Enclosure, Tanrego, Co. Sligo
Co. Sligo |
Enclosures
On the south-western shore of Ballisodare Bay in County Sligo, a low rise of ground close to the stony tideline holds the faint outline of something that cartographers never recorded.
No edition of the Ordnance Survey six-inch map, the standard reference for Irish field monuments over more than a century of surveying, carries any trace of this enclosure. It came to light only through the scrutiny of aerial photography, the kind of oblique light and altered perspective that reveals cropmarks and earthworks invisible at ground level.

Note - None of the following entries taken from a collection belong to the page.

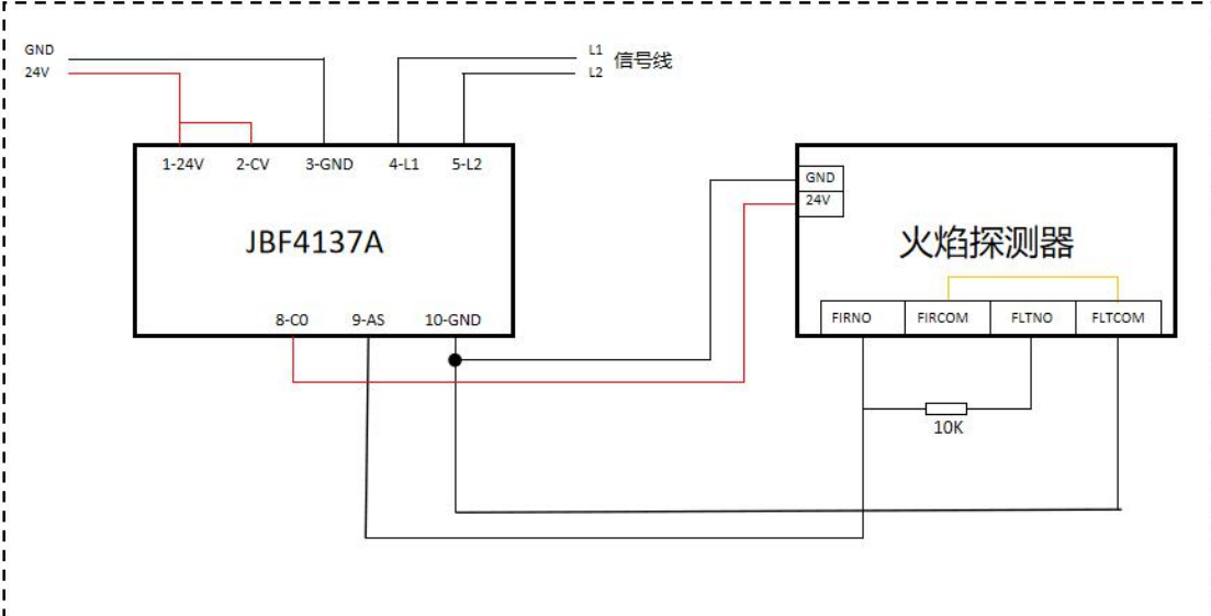 感溫線纜繼電器接線端子對應(yīng)火焰探測器繼電器接線端子如下: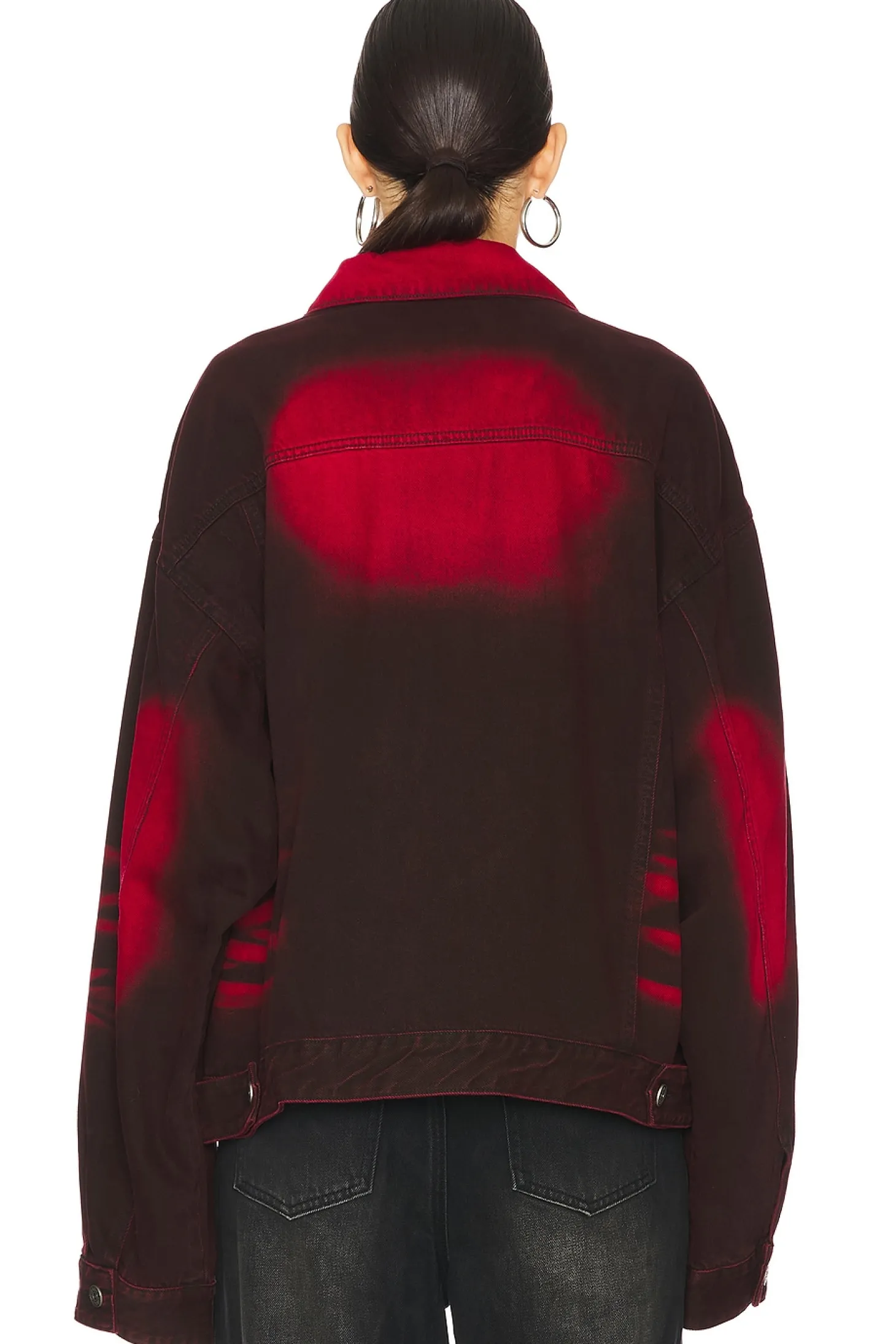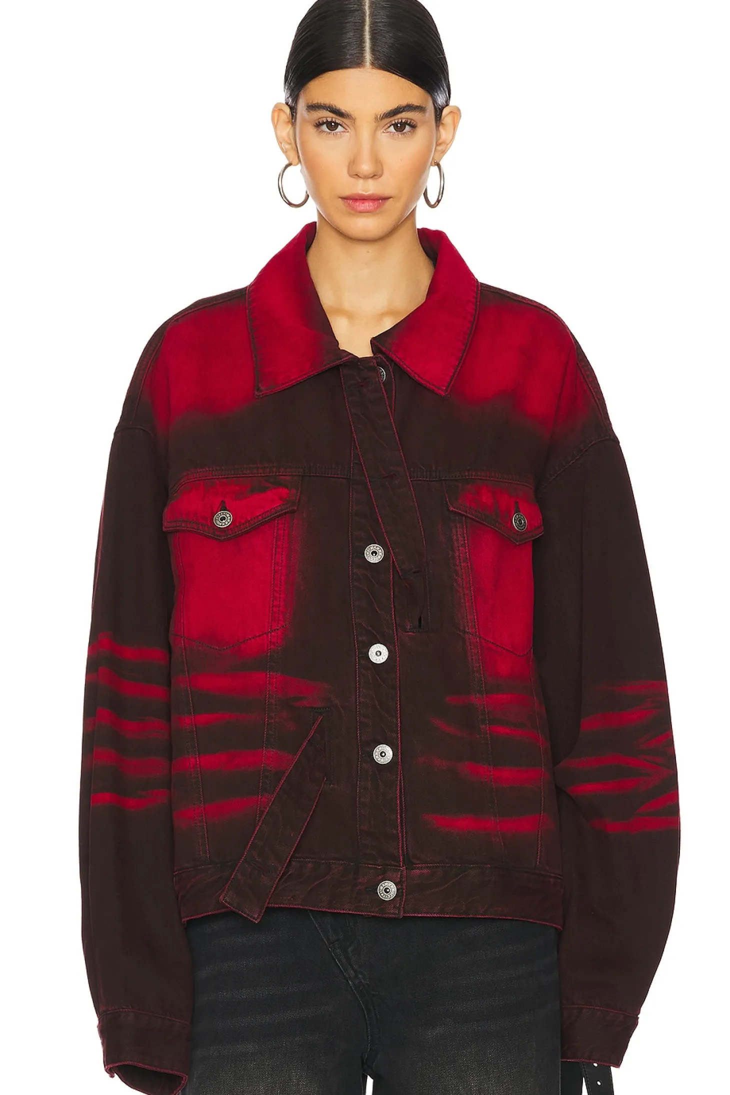 100% cotton.Made in China.Machine wash.Front button closure.Front slant welt pockets and breast button pockets Denim belt detail.Heavyweight denim fabric with intentional bleaching throughout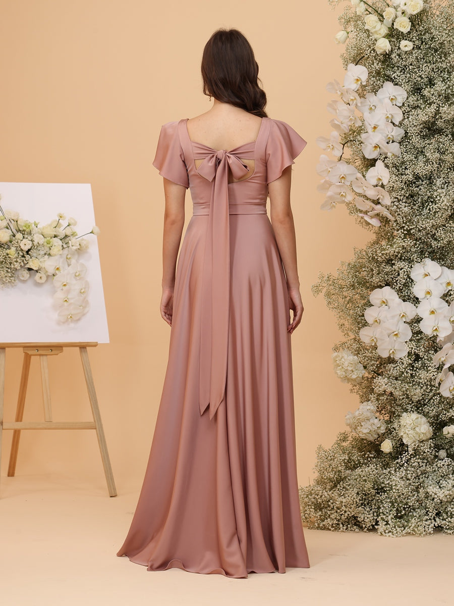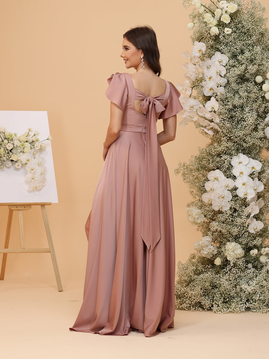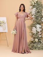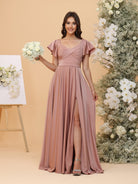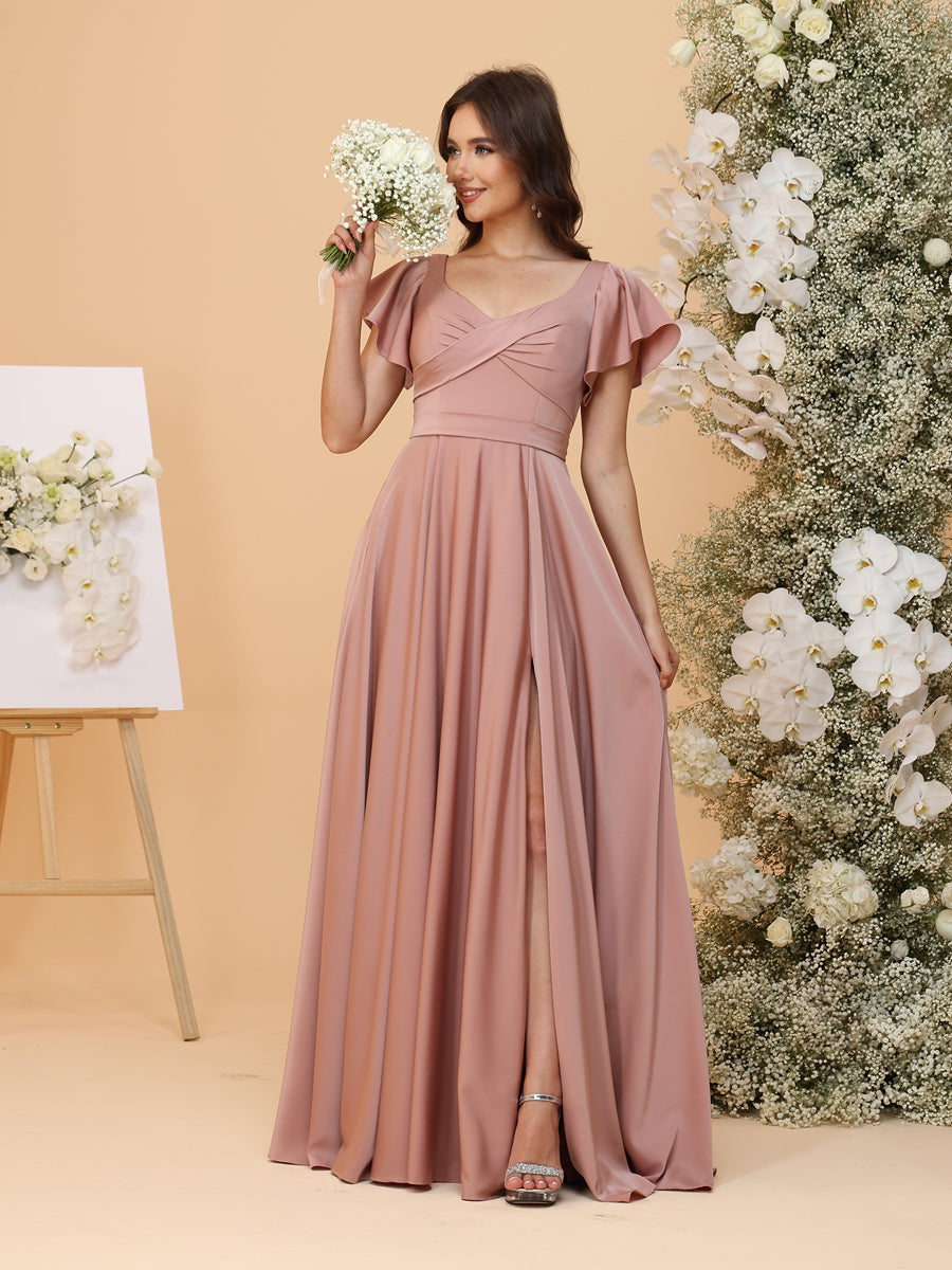 #MRA22312142 A Line V Neck Short Sleeves Ruched Bridesmaid Dresses with Split Side & Pleats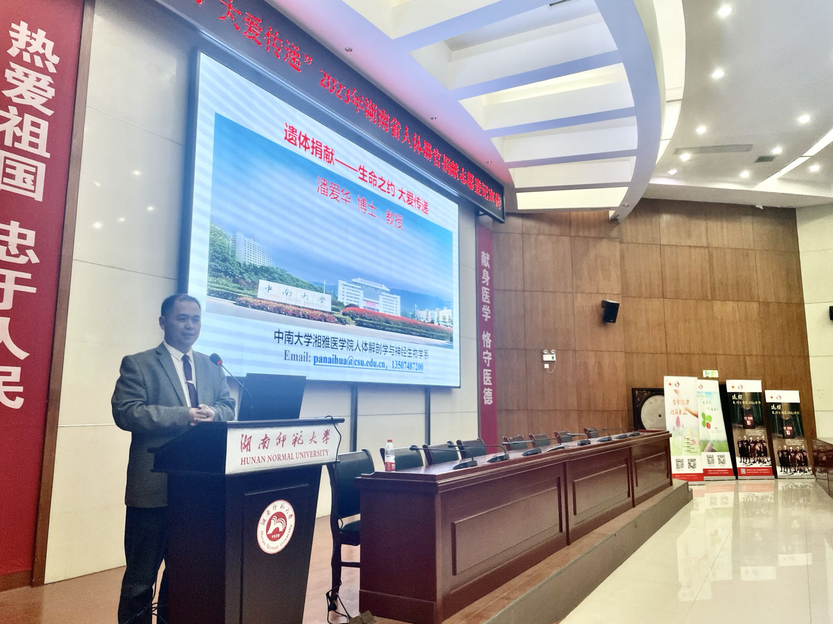 為進(jìn)一步推進(jìn)人體器官捐獻(xiàn)工作,弘揚(yáng)“人道、博愛、奉獻(xiàn)”的紅十字精神,普及器官捐獻(xiàn)知識(shí),更好地守護(hù)人們的生命和健康,2023年12月7日,湖南省人體器官捐獻(xiàn)管理中心聯(lián)合中南大學(xué)湘雅醫(yī)學(xué)院、長沙愛爾眼科醫(yī)院專家教授,在湖南師范大學(xué)醫(yī)學(xué)院舉辦“生命之約、大愛傳遞”專題講座及器官捐獻(xiàn)報(bào)名登記宣傳活動(dòng)。

What survives is a raised rectangular area, roughly seven metres east to west and six and a half metres north to south, partially defined by a low curving bank along its northern and north-western edges. The bank is modest in scale, around two and a half metres wide and barely half a metre in external height, and it does not complete a full circuit. It cannot be traced along the eastern side at all, and there is a gap of about two metres in the western section. Whether that western break represents an original entrance or simply the gradual loss of earthwork to time and ground disturbance is unclear. More intriguing still, the southern edge of this enclosure abuts what may be a rectangular house, suggesting the two structures were related in some way, perhaps one serving or sheltering the other. The remains are, by any honest assessment, poorly defined and resistant to interpretation. The function, the date, and even the precise character of the enclosure remain genuinely open questions.